* _Exercise requirements_: The answer consists solely of the lines running from the one with "Denne halskæde har" through the final line below, transcribed exactly and without any pictures.

* _Data segment_:

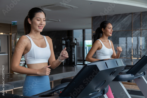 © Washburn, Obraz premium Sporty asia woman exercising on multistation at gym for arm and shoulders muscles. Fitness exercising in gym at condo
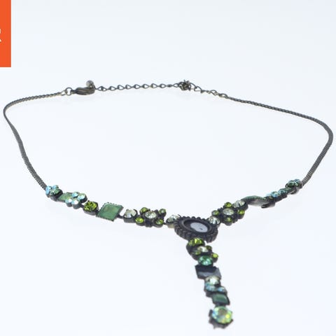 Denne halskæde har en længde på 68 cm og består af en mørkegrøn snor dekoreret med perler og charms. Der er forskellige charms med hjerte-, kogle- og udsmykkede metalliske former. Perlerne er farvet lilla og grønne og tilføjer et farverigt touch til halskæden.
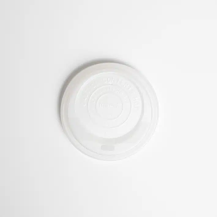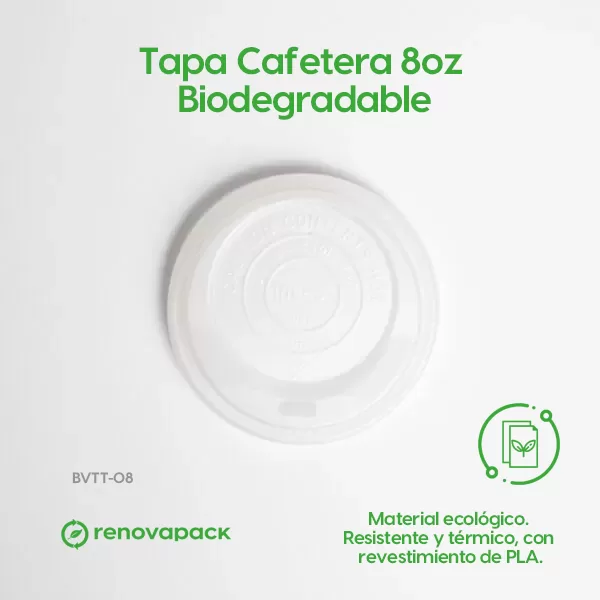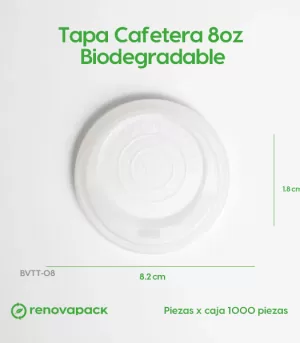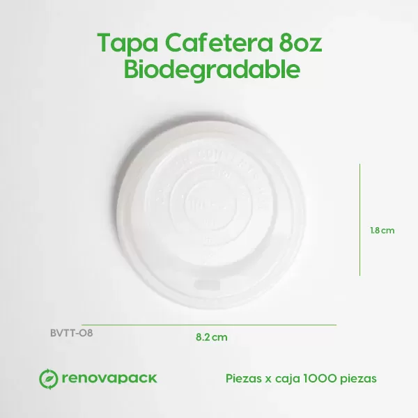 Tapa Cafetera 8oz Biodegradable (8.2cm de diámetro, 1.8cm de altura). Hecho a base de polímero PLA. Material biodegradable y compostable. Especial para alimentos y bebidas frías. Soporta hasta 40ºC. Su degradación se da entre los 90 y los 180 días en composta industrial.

* _Finished task_:
 Denne halskæde har en længde på 68 cm og består af en mørkegrøn snor dekoreret med perler og charms. Der er forskellige charms med hjerte-, kogle- og udsmykkede metalliske former. Perlerne er farvet lilla og grønne og tilføjer et farverigt touch til halskæden.
 Tapa Cafetera 8oz Biodegradable (8.2cm de diámetro, 1.8cm de altura). Hecho a base de polímero PLA. Material biodegradable y compostable. Especial para alimentos y bebidas frías. Soporta hasta 40ºC. Su degradación se da entre los 90 y los 180 días en composta industrial.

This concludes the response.